Gli economisti, si sa, difficilmente vanno d’accordo. Le differenze di opinione su molte questioni di interesse pubblico sono solitamente marcate e animano accesi dibattiti sui principali temi economici, dalla riforma delle pensioni alla gestione del debito pubblico. Su una questione, invece, sembrano essere tutti d’accordo: il commercio internazionale. Da un punto di vista tecnico, infatti, vi è in generale consenso sull'obiettivo di ridurre le tariffe commerciali, ovvero le imposte che gravano sulle importazioni, rendendole più costose. Tale convergenza si basa sui risultati dell’analisi teorica la quale dimostra che il commercio internazionale genera benefici netti totali, i cosiddetti "gains from trade."

Globalizzazione? No, grazie

Eppure, indifferente alla concordia degli economisti, l'opinione pubblica sembra pensarla diversamente: recenti indagini campionarie mostrano infatti che la maggior parte degli intervistati, circa il 60 per cento, si oppone a un aumento del grado di apertura del proprio paese.
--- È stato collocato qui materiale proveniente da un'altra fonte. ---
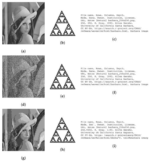 As a watermark, we used a digital image (LOGO) of px, as is shown in Figure 2a. In addition, we used the image MetaData of the Barbara image in plaintext, as we show in Figure 2b.

Esistono, come è ovvio, interessanti differenze nei risultati dei sondaggi tra un paese e l’altro ma, in generale, indipendentemente dalla nazionalità, l’opinione pubblica si rivela in maggioranza contraria alla globalizzazione, per quanto riguarda il commercio internazionale.
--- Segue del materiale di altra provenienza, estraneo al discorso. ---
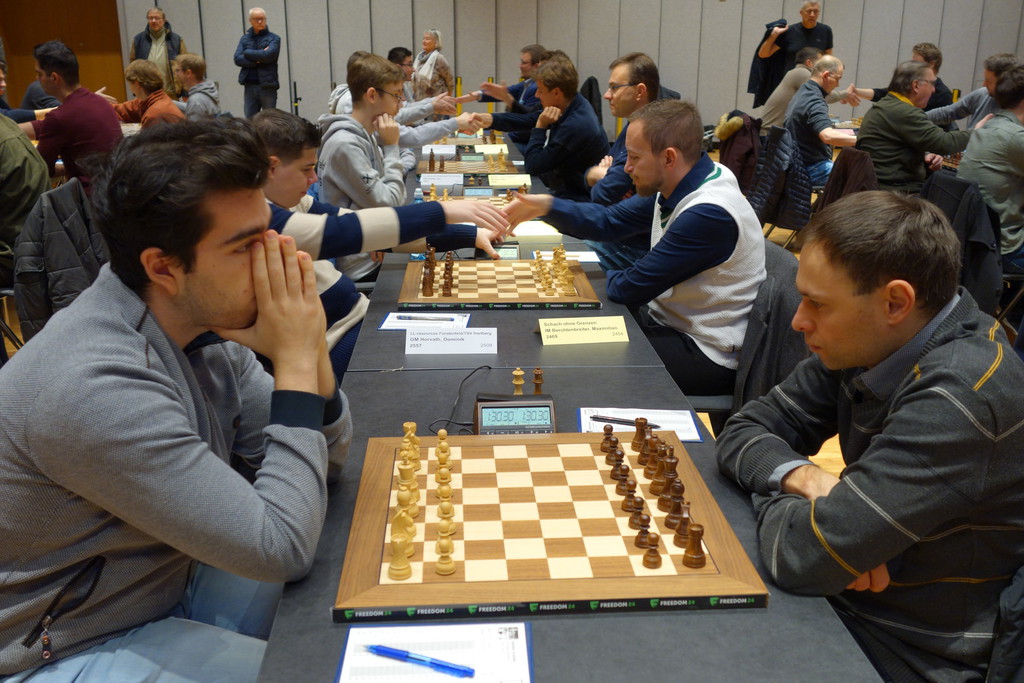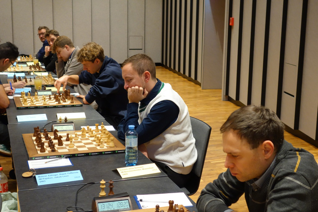 Nach einem schnellen Remis von Mäx durch Zugwiederholung dauerte es bis in die 3. Stunde, ehe die nächste Entscheidung anstand.

Come spiegare la divergenza tra l'opinione pubblica e il parere degli economisti? Si tratta soltanto di una questione di ignoranza dei meccanismi economici di base da parte dei non tecnici? In altri termini, ci troviamo di fronte all’ennesima riprova della scarsa capacità degli economisti di informare il pubblico? No, suggeriscono una serie di analisi econometriche recenti. In realtà i non addetti ai lavori mostrano, implicitamente, una comprensione sofisticata del funzionamento dei mercati, in linea con i risultati teorici di uno dei modelli principali di commercio internazionale, la teoria di Heckscher e Ohlin.
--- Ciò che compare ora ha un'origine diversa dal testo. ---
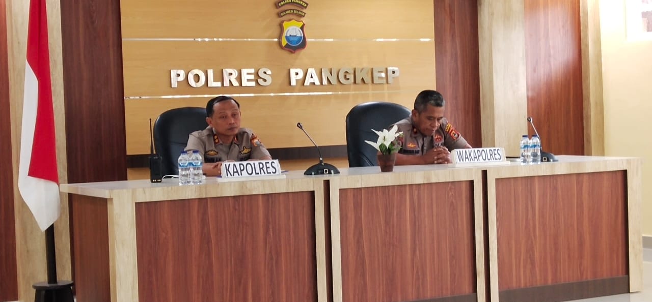 Wargata.com, Pangkep,- Bahas persiapan pengamanan pelaksanaan HUT Kabupaten Pangkep ke-60, Kapolres Pangkep AKBP Ibrahim Aji memimpin langsung rakor kesiapan pengamanan di Mapolres Pangkep, Kamis (20/2/2020).

Effetti redistributivi della liberalizzazione commerciale

L'integrazione commerciale tra paesi produce benefici netti a livello aggregato, ma genera anche effetti redistributivi: i guadagni di una parte dell'economia si accompagnano alle perdite di un’altra. In ogni paese, il gruppo che trae vantaggio dall’apertura commerciale è quello che possiede il fattore di produzione "abbondante" - in termini relativi rispetto al resto del mondo - a discapito del gruppo caratterizzato dal fattore di produzione "scarso", che subisce invece una riduzione di reddito reale. (1)
Utilizzando dati per gli Stati Uniti – un’economia ricca di capitale umano – è stata stimata una correlazione positiva tra il grado di istruzione di un intervistato e l’opposizione a politiche protezionistiche: individui con un livello di educazione più elevato, che costituiscono il gruppo con il fattore abbondante, si mostrano più favorevoli all’abbattimento delle barriere commerciali. (2)
È evidente, tuttavia, che l’analisi basata su un unico paese caratterizzato da abbondanza di capitale umano difficilmente riesce a differenziare, da un punto di vista statistico, l’impatto economico da quello, invece, non-economico. Dopotutto, un elevato grado di istruzione si accompagna solitamente a una apertura culturale verso il resto del mondo che non può che influenzare l’opinione sulla globalizzazione.
Un recente lavoro estende l’analisi statunitense utilizzando dati di diversi paesi e ne conferma i risultati. (3) La probabilità che un individuo abbia un’opinione favorevole alla liberalizzazione commerciale aumenta con il suo livello di educazione, ma solamente in paesi ricchi di capitale umano. Al contrario, in economie caratterizzate da un’offerta abbondante di manodopera non specializzata (ad esempio, le Filippine) si ottiene il risultato opposto: più elevato è il livello di educazione di un intervistato, più bassa è la probabilità che sia favorevole a un intensificarsi degli scambi commerciali. Quindi, le diverse opinioni sul tema della liberalizzazione dei mercati, espressi da individui con il medesimo livello di istruzione, sembrano essere spiegate dalle differenze di abbondanza relativa di capitale umano tra paesi.
In conclusione l’integrazione economica, e in particolare la liberalizzazione commerciale, produce effetti redistributivi all’interno di ogni paese e, quindi, tensioni sociali. Dal momento che i guadagni di coloro che ne sono avvantaggiati risultano superiori alle perdite del resto dell’economia, in teoria è possibile attuare una politica di redistribuzione che migliori la posizione economica di tutti. Due risultati derivano da questo tipo di analisi. Innanzitutto, in generale il commercio internazionale produce vantaggi aggregati per ogni paese coinvolto: ne consegue che il protezionismo non rappresenta una scelta efficiente. Infine, sono necessarie le politiche di redistribuzione del reddito a livello nazionale - che raramente vengono intraprese -, se si vuole evitare che l’integrazione economica dia luogo a tensioni sociali.
Il commercio internazionale rappresenta una forza non solo economica, che esercita pressione su istituzioni e norme sociali, perché ne favorisce l’armonizzazione a livello mondiale. Ma riducendo la distanza culturale da un paese all’altro, può comportare per alcuni un senso di perdita di identità nazionale. Lo studio citato mostra infatti come l’opinione pubblica sulla liberalizzazione commerciale sia in realtà frutto dell’interazione di diverse determinanti, sia economiche che non-economiche. L’impatto culturale e sociale rappresenta, quindi, un’altra motivazione da non sottovalutare dell’avversione dell’opinione pubblica all’apertura commerciale e una chiave di lettura della divergenza con il parere degli economisti.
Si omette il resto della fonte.